Une minute plus tard, elle entendait la porte claquer. Elle resta encore un moment allongée, les yeux cachés par le masque. Elle aimait cette sensation de cécité, cela lui permettait de ne se concentrer que sur son corps. Elle sentait ses orifices encore ouverts et dégoulinants, elle sentait le sperme couler sur ses cuisses et son visage. Lorsqu'elle finit par enlever le masque, elle s'assit sur le lit, et croisa son reflet dans un miroir accroché à côté du lit. La pauvre se rendit compte l'état déplorable dans lequel elle était. La semence qui recouvrait presque intégralement son visage coulait et rejoignait sa bave aux commissures de ses lèvres, le tout formant une longue trainée gluante de son menton à sa poitrine. Son maquillage coulait lui aussi sur ses joues, et ses cheveux, collés, ne ressemblaient plus à rien. Elle se dirigea alors, avant toute autre chose, dans la salle de bain, où elle prit une longue douche relaxante et décrassante.

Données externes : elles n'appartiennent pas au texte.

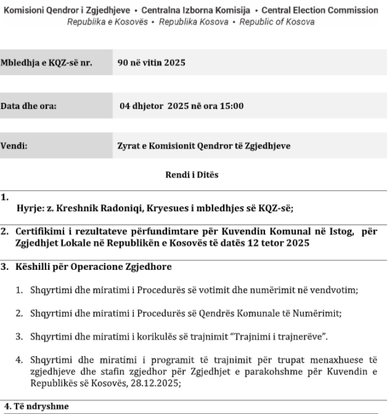 Në rend die do ë jetë certifikimi i rezultateve përfundimtare për Kuvendin Komunal në Istog, për zgjedhjet e 12 tetorit.
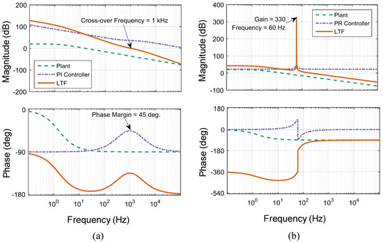 For the design of the PR controller, it is important to ensure that the controller can show zero steady-state error to signals at the resonant frequency, which in this case would be the grid frequency of 60 Hz. As such, the parameter in this design was taken to be 376.9 rad/s (60 Hz), and the ratio of the parameters, , was taken to be 300, which ensures that the resonant constant, , has a sufficiently high value. A high value of around the resonant frequency ensures the controller can exhibit near to zero steady-state error and track the 60-Hz sinusoidal signal accurately [22]. The constant was then calculated such that the resulting loop transfer function had a damping ratio of 0.42, which corresponds to a phase margin of 45, as in the case of the PI controller designed previously. The calculated value of was 13.20. Figure 7 shows the frequency response of the plant, the designed PR controller, and the loop transfer function of the overall system. It can be observed that the controller has a high gain around the grid frequency of 60 Hz, as desired. Using these calculated values in (4), the transfer function of the designed PR controller was:
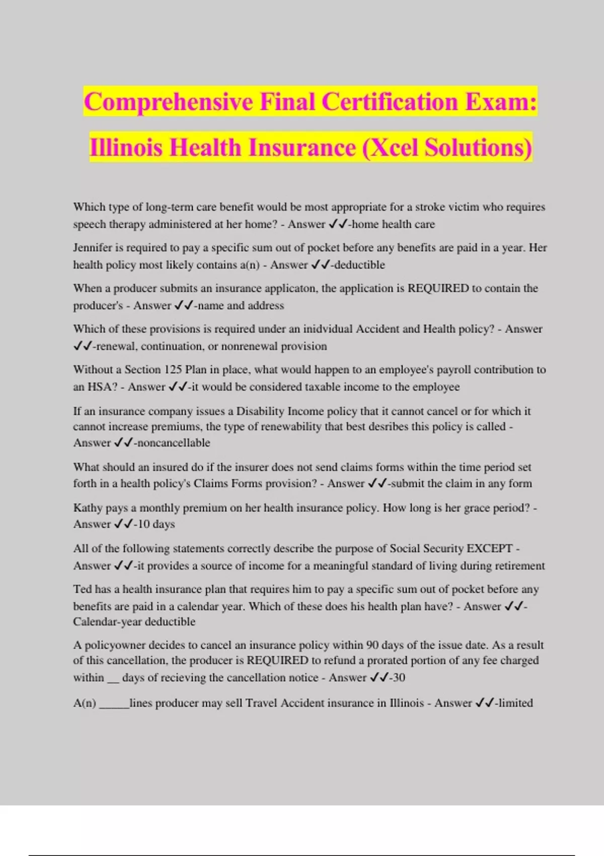 Comprehensive Final Certification Exam: Illinois Health Insurance (Xcel Solutions)
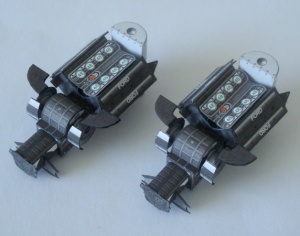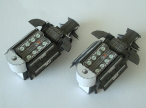 Pustil jsem se do pohonných jednotek. Zadní díl jsou bohužel nalepil obráceně, na což jsem přišel až při zkusmém přiložení držáků zadního křídla.
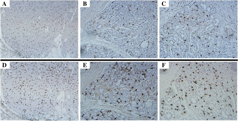 Results: ER-a, E2, and tryptase were expressed in the cytoplasm and nucleus of MCs in IH. The IH specimens showed significantly more tryptase, ER-a, and E2 positive MCs (30.6 ± 12.7, 9.7 ± 5.6, and 19.8 ± 8.7 cells/high-power field [HPF], respectively) compared with VM specimens (9.0 ± 9.8, 1.5 ± 2.4, and 2.5 ± 4.1 cells/HPF, respectively) and normal skin (6.1 ± 8.5, 0.5 ± 1.2, and 1.9 ± 3.4 cells/HPF, respectively). Proliferating IH displayed fewer E2 positive MCs (14.0 6.3 cells/HPF) compared with early (22.3 ± 10.2 cells/HPF, P = 0.023) and late (22.4 ± 6.8 cells/HPF, P = 0.006) involuting specimens. In addition, proliferating IH showed fewer tryptase positive MCs (24.7 ± 10.8 cells/HPF) compared with early involuting specimens (35.7 ± 15.3 cells/HPF, P = 0.043). All IH specimens were ER-a positive and ER-β negative.
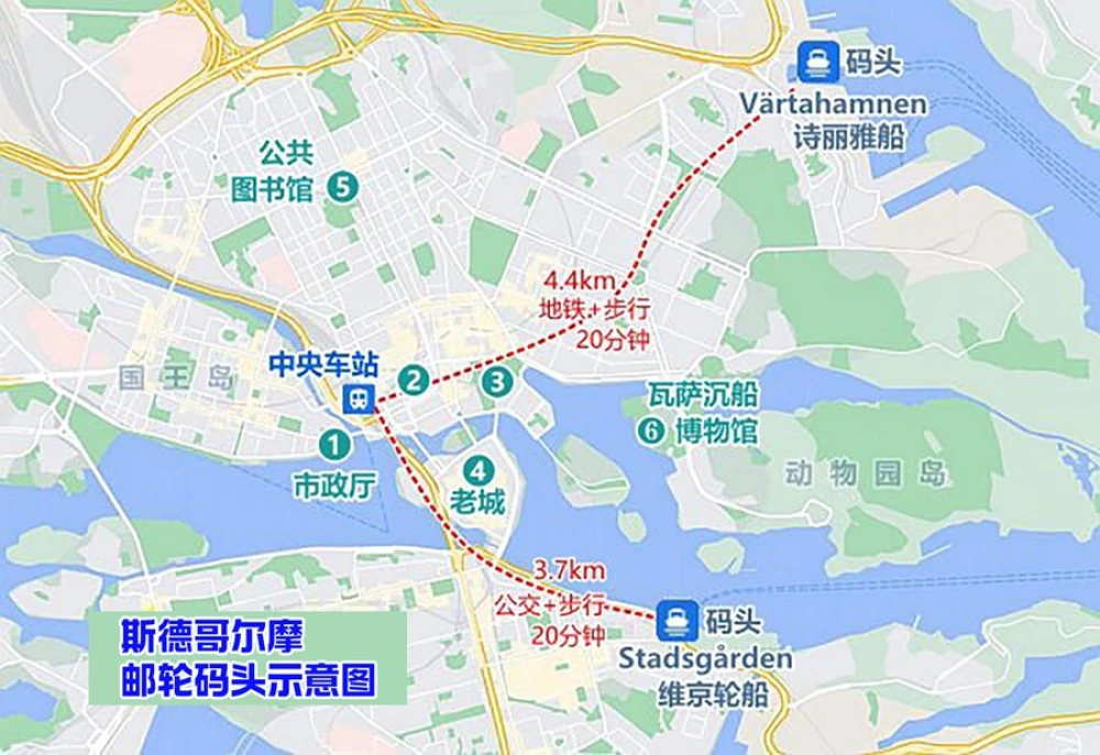 交通:中央车站出发,乘地铁红线,坐3站6分钟,到Gärdet站;步行1km,约12分钟到码头。
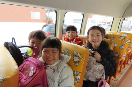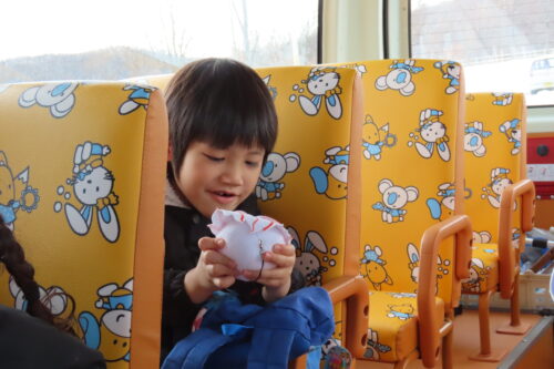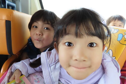 バスの中では、お友だちと楽しくお話をしていましたよ!
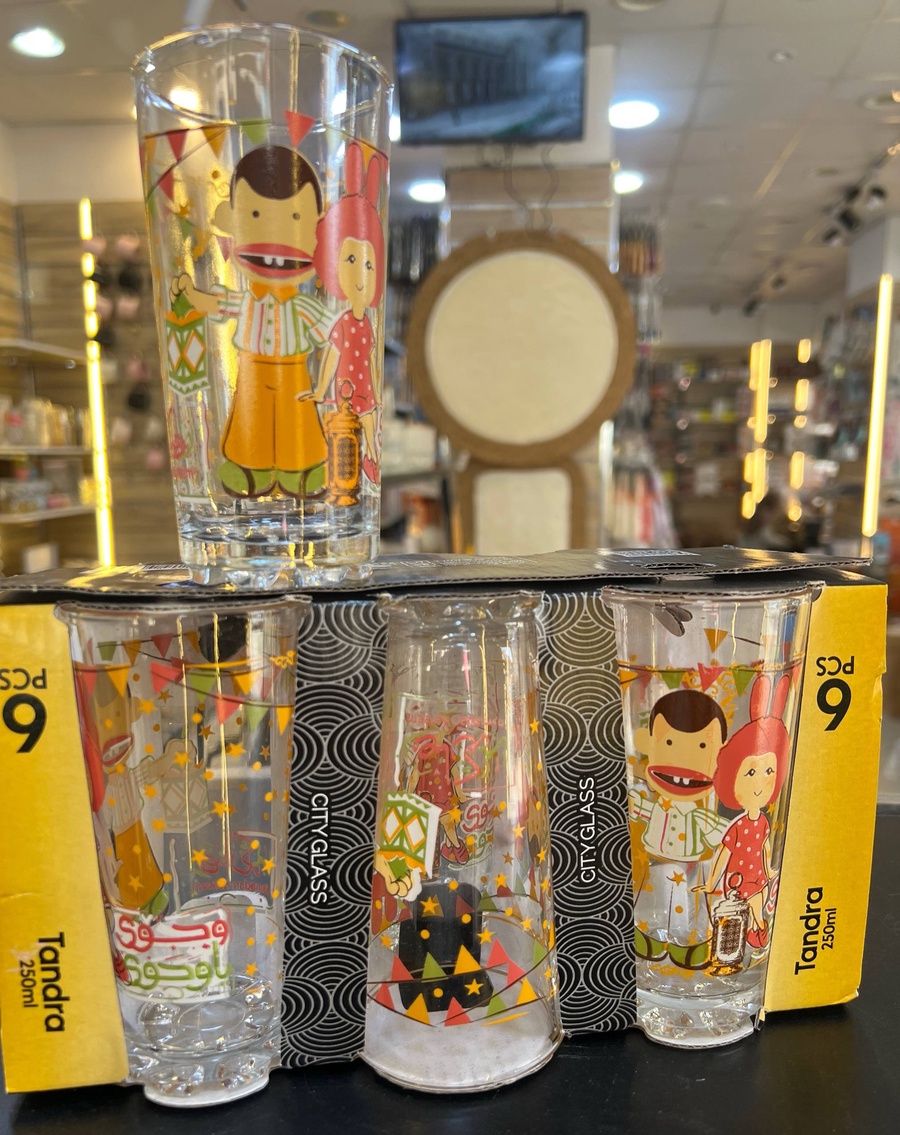 استقبلي ضيوفك بروح رمضانية أصيلة مع طقم شوب "أغادير" الشهير. الطقم الذي يجمع بين نقاء الزجاج وألوان رمضان المبهجة، ليضيف لمسة من السعادة على كل كوب عصير بعد يوم صيام طويل.
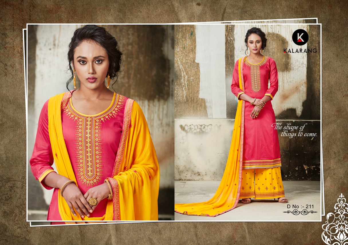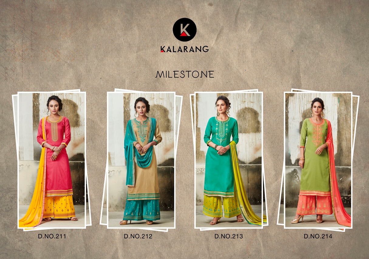 ? *Kalarang.* has launched _Catalog name_ : *Milestone* ? _Fabric Details_ ? ?Top :- JAM SILK COTTON WITH WORK ?Bottom:- COTTON SLUB WITH WORK ?Dupatta:- Nazneen with Work ?Total Design :- 4 ?Dispatching 5 to 6 days later ?Booking started from now... ?Order yours soon.... Rate -799 per pcs . Set to set . GST 5 Percent Extra. |
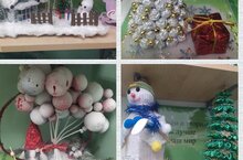 На выставке представлены поделки воспитанников всех групп детского сада, изготовленные совместно с родителями и воспитателями. Мягкие игрушки, открытки, елочные игрушки, композиции из природных материалов, снеговики, снежинки и елочки украшают группы и холл детского сада.

Ce n'est que lorsqu'elle eut fini de se rhabiller que Julie découvrit le mot posé sur le meuble de l'entrée. « En souvenir de ce bel après-midi, profites-en bien. A très vite, Fabien ». Elle prit ensuite la petite boîte noire posé sur le mot, et l'ouvrit pour y découvrir une carte mémoire. Aussitôt, l'excitation la reprit. Elle redescendit poser la clé à la réception, puis reprit sa voiture et fonça chez elle. Elle passa ainsi la fin de sa journée à se masturber en regardant, sur son ordinateur, la vidéo des trois hommes abusant de son corps.